A úvea apresenta diversas funções associadas, como a produção do humor aquoso nos processos ciliares e a acomodação visual. Além disso, auxilia na drenagem do humor aquoso ao contrair os músculos ciliares, facilitando a abertura da malha trabecular.
O trato uveal é a camada vascular do olho, localizada entre a esclera e o neuroepitélio. Composta pela íris, corpo ciliar e coroide, a úvea contém nervos, tecido conjuntivo e melanócitos, que conferem sua pigmentação. É irrigada por artérias ciliares anteriores e posteriores.
A vasculatura coroidal é responsável por 80% da irrigação ocular. A retina humana possui duas barreiras hematorretinianas, interna e externa, que controlam a passagem de substâncias entre a retina neural e os vasos fenestrados da coriocapilar, essenciais para a nutrição e manutenção da retina.
- Íris: a íris é o diafragma localizado à frente do cristalino, responsável pela regulação da quantidade de luz que entra no olho. Composta por três camadas: anterior, estromal e posterior. Ela possui melanócitos que definem a cor dos olhos. Os músculos dilatador e esfíncter da pupila, inervados pelo sistema nervoso autônomo, ajustam o diâmetro pupilar.
- Corpo ciliar: posicionado entre a íris e a coroide, o corpo ciliar participa da produção do humor aquoso e da acomodação visual. É dividido em pars plicata, onde se localizam os processos ciliares, e pars plana. O epitélio ciliar não pigmentado na pars plicata é a principal fonte de produção de humor aquoso.
- Coroide: a coroide é a camada vascular e pigmentada da parte posterior do olho, que se estende até o nervo óptico. É o tecido mais vascularizado do olho, com diversas camadas, incluindo a lâmina fusca, o estroma, a coriocapilar e a membrana de Bruch.
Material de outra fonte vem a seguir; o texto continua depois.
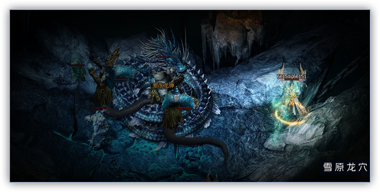黑暗如浓稠墨汁般灌满蜿蜒的密道,冰雪凝筑的洞穴里冰棱倒挂,泛着刺骨寒光,尽头传来的龙吟低沉厚重,冰风漩涡与之相呼应,令人心头发颤。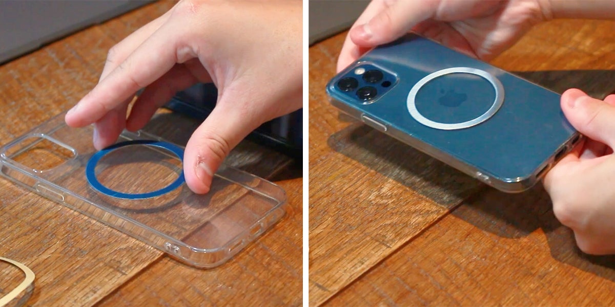 マグネット吸着に対応していないスマートフォンやタブレットでも、付属のメタルシールを端末背面に貼り付けることで「どこでも」マグネットスタンドへ対応することができます。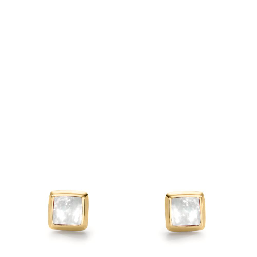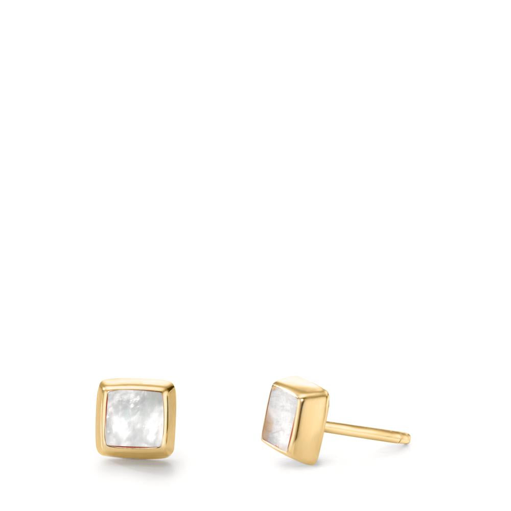 Elegant women's stud earrings crafted from 585 yellow gold, featuring radiant mother-of-pearl insets. These timeless accessories offer a subtle shimmer and refined style, perfect for both everyday wear and special occasions. A delicate, classic addition to any jewelry collection.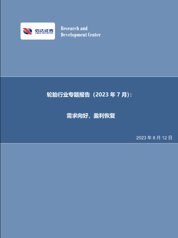 【信达证券】【20230812】轮胎行业专题报告(2023年7月):需求向好,盈利恢复-26页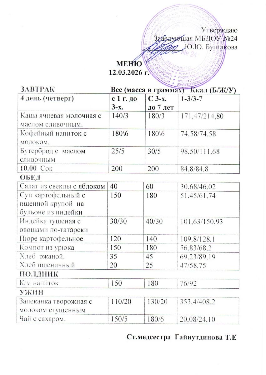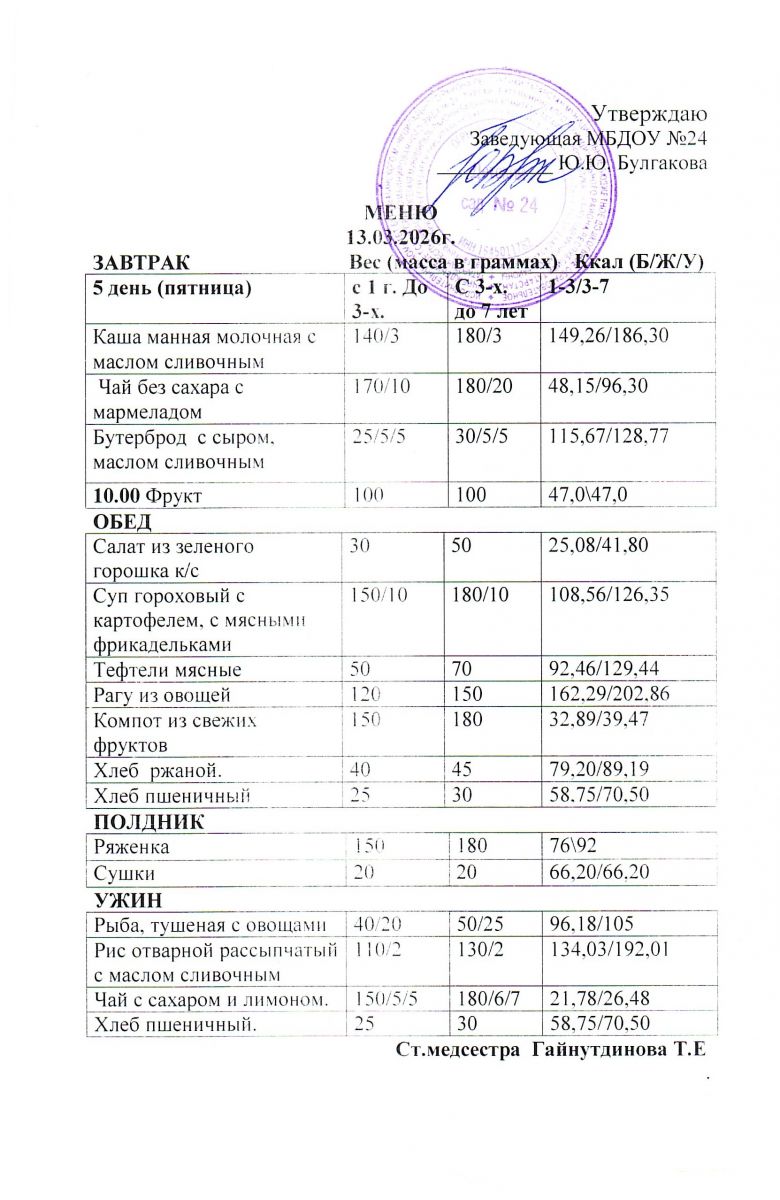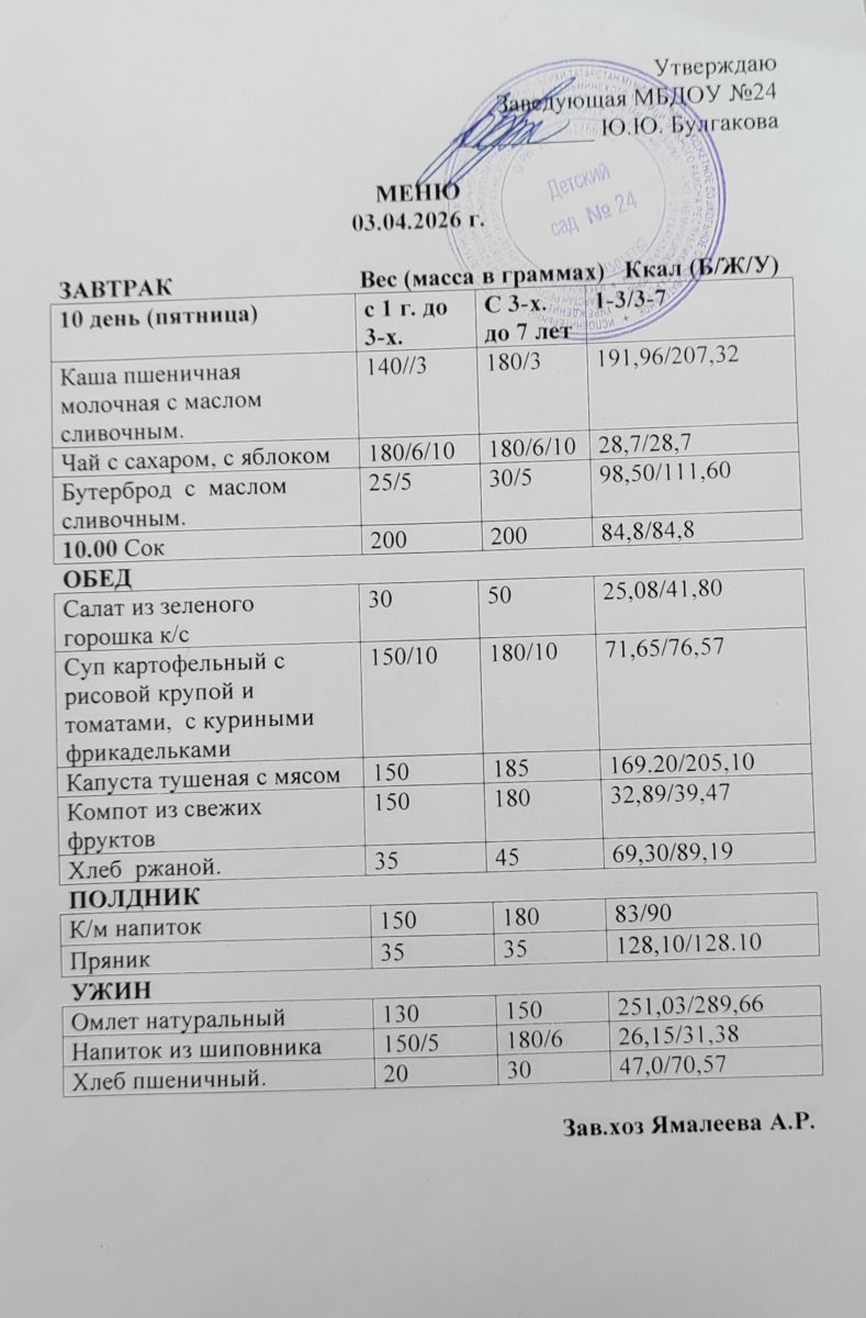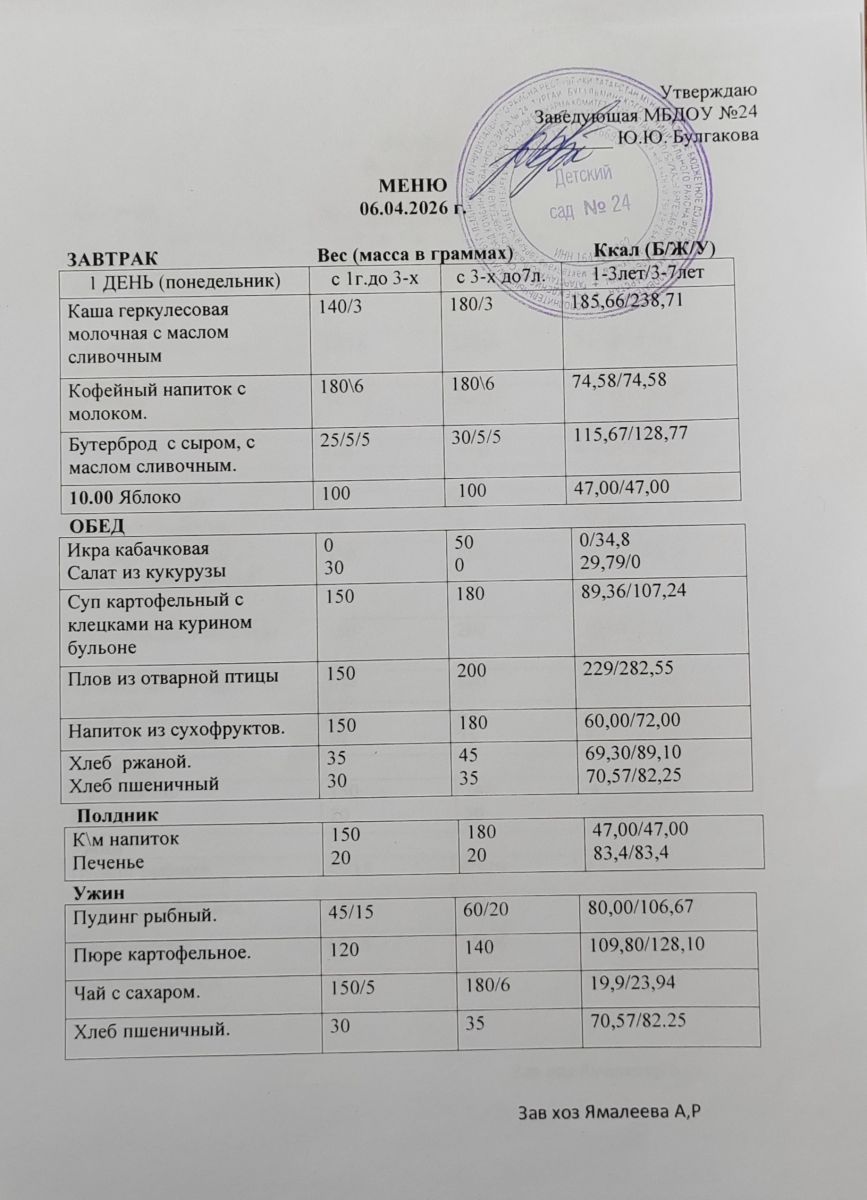 Питание осуществляется в соответствии с меню, утверждённым Заведующей Учреждением и старшей медицинской сестрой. Режим и кратность питания воспитанников и обучающихся устанавливаются в соответствии с деятельностью их пребывания в Учреждении и рекомендациями органов здравоохранения.

Ela nutre o epitélio pigmentar da retina e as camadas retinianas externas.
Etiologias da Uveíte
As etiologias da uveíte são complexas e podem variar amplamente entre os pacientes. A compreensão das diferentes origens da doença é fundamental para um diagnóstico preciso e um tratamento eficaz. Neste contexto, é importante considerar tanto as doenças sistêmicas associadas quanto as condições isoladas que afetam diretamente o olho.
Infecções:
- Vírus:
- Herpes simplex, Varicela-zóster, Citomegalovírus, HIV, Hepatite B e C → Uveíte anterior, intermediária, posterior e panuveíte
- Bactérias:
- Sífilis, Tuberculose → Uveíte anterior e posterior
- Fúngicas:
- Candidíase → Uveíte posterior
- Parasitárias:
- Toxoplasmose → Uveíte posterior
Doenças sistêmicas:
- Artrite reumatoide → Uveíte anterior
- Espondilite anquilosante → Uveíte anterior
- Doença inflamatória intestinal (ex.: Doença de Crohn, colite ulcerativa) → Uveíte anterior
- Síndrome de Behçet → Uveíte anterior, posterior e panuveíte
- Sarcoidose → Uveíte anterior, intermediária
- Lúpus eritematoso sistêmico → Uveíte anterior e posterior
- Esclerose múltipla → Uveíte intermediária
- Doença de Vogt-Koyanagi-Harada → Uveíte anterior e posterior
Reações Medicamentosas e de Hipersensibilidade:
- Rifabutina → Uveíte anterior
- Cidofovir → Uveíte anterior, intermediária ou panuveíte
- Antibióticos fluoroquinolonas (ex.: Moxifloxacino, Ciprofloxacino) → Uveíte anterior
- Bifosfonatos → Uveíte anterior
- Inibidores da cinase BRAF (ex.: Vemurafenibe, Dabrafenibe) → Uveíte anterior e posterior
- Imunoterapia contra o câncer (ex.: Ipilimumabe, Pembrolizumabe, Nivolumabe) → Uveíte anterior e posterior
Síndromes de Uveíte Geralmente Restritas ao Olho:
- Pars planitis → Uveíte intermediária
- Chorioretinite de chumbo de pássaro → Uveíte posterior
- Oftalmia simpática → Uveíte anterior, intermediária e posterior
- Inflamação pós-traumática → Uveíte anterior
- Uveíte de recuperação imunológica → Uveíte anterior
- Uveíte idiopática → Uveíte anterior e intermediária
Manifestações clínicas da uveíte
As manifestações clínicas da uveíte variam conforme a localização da inflamação no trato uveal, que pode afetar a câmara anterior, o vítreo, a retina ou a coroide.
Uveíte anterior
A uveíte anterior, também conhecida como irite, é a forma mais comum. Ela se caracteriza por dor ocular, fotofobia (sensibilidade à luz), lacrimejamento e vermelhidão, que geralmente é observada ao redor da junção córnea-esclera (limbo).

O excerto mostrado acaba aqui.